Put in plain English, focusing house building on the South, with the accompanying construction and support jobs, infrastructure spend and household spending, becomes self-reinforcing and self-defeating. It continues – reductio ad absurdum – with the hamster wheel of unsustainable greenfield development in the overheated South. It is, in the words of the 1980s band The Talking Heads, a Road to Nowhere.
Even the Government now admits this.
To overcome market failure, we need to throw money at brownfield clean-up and affordable homes. To see Levelling Up as an investment in rebuilding communities and regions. One option would be to tax greenfield sites and use the money for brownfield clean-up. Sadly, the chances of “pricing in” the true cost of greenfield is slim. However, planning should be environment-led.
Third, Mr Hill says communities should not be able to “stymie expansion.” To me, that sounds like an arrogant way of dealing with people. Like most conservatives, I am fed up with those who try to silence others. I never thought I’d hear it from a ConservativeHome columnist, though.
It is also self-defeating. Communities help development happen, as long as they can shape it. One initial study, albeit limited, found that areas with a neighbourhood plan saw a 10 per cent increase in housing allocations. Therefore, working with communities gets better results than treating them as the planning equivalent of a foie gras goose, with evermore housing shoved down their gullets.

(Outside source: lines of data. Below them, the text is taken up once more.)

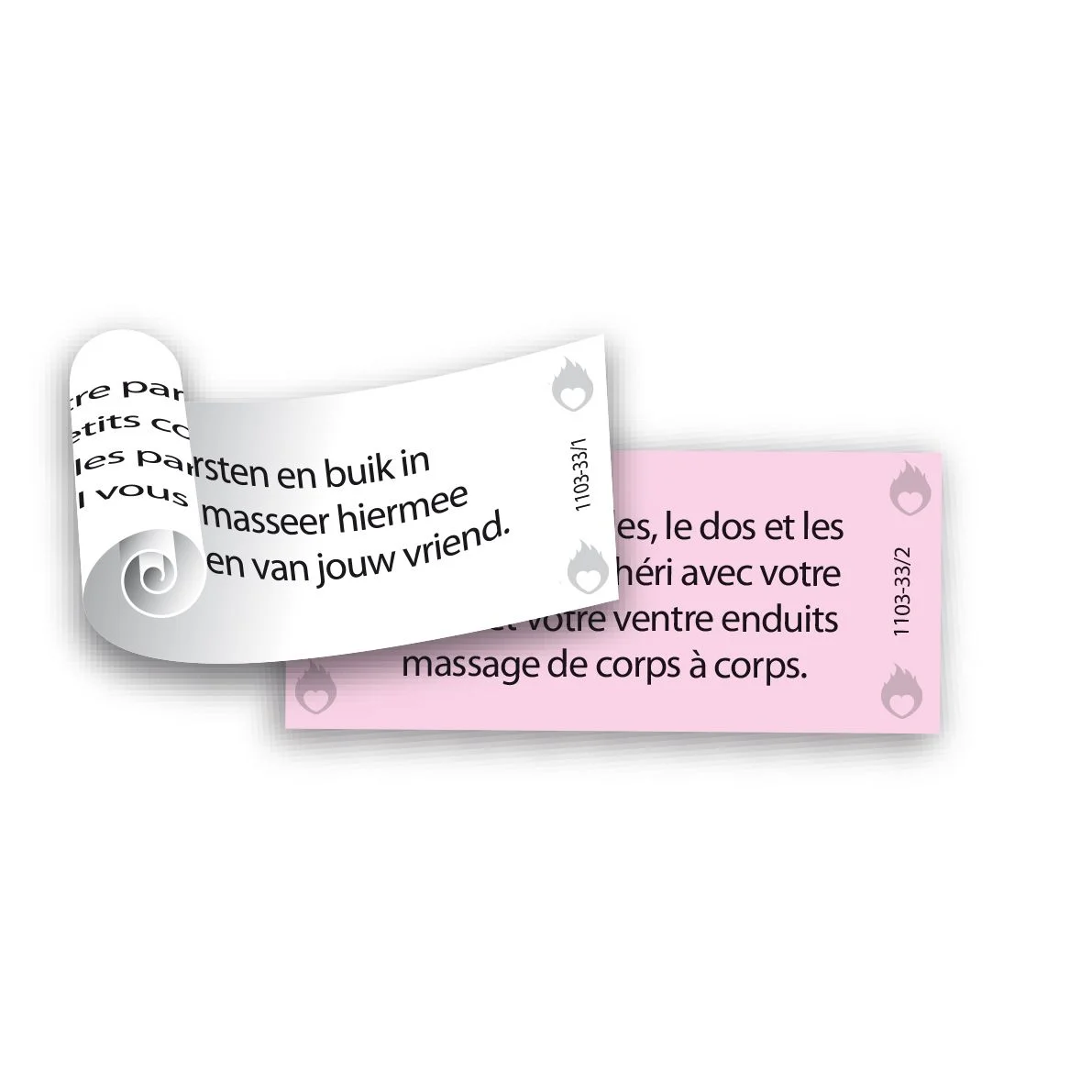 In het hartvormige doosje vind je 100 rolletjes: 50 roze met opdrachten voor haar en 50 witte met opdrachten voor hem. Elke opdracht is teder, intiem of vurig en brengt meer passie en plezier in de relatie. Met twee opdrachten per week geniet je bijna een jaar lang van spannende uitdagingen en intieme verkenningen.
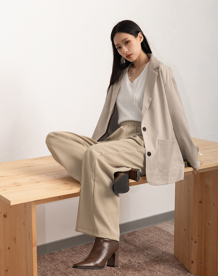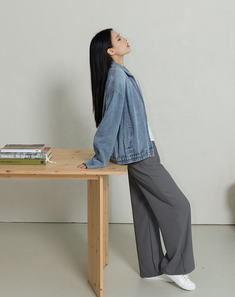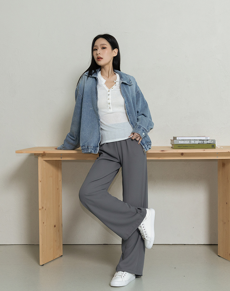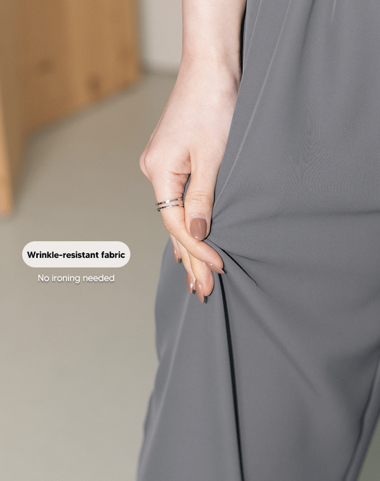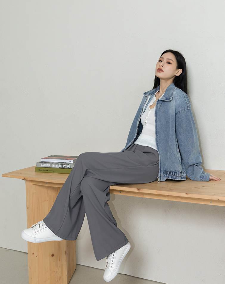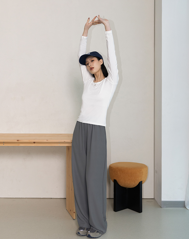 LIGHTWEIGHT PLAIN ELASTIC WIDE PANTS
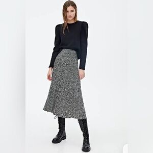 midi skirt with a black and white pattern. Versatile and chic for any wardrobe.

However, the development that communities need is not what developers want. An example: 80 per cent of greenfield applications in Areas of Outstanding Natural Beauty (AONB) are approved. Yet the majority of property built is “executive homes”, not first-time buyer properties. How on earth does this help first-time buyers? Answer: it doesn’t. Therefore, planning needs to be community-led.
In his previous piece, Mr Hill dismissed community champions as NIMBYs. “Seeing down” voters is dumb in a democracy, as sadly I fear many councillors and some MPs will eventually find out.
So summing up, we hope that the Planning Bill will move to a levelling-up led, community-led and environment-led agenda. We fear that it will contain the same flawed assumptions. I have made a case for change. But we need evolution, not revolution. Ripping up local democracy is a fool’s errand. Venerating a self-reinforcing methodology is a dead end.
We need to do planning better. Let’s start now. I wish ConHome readers a good weekend.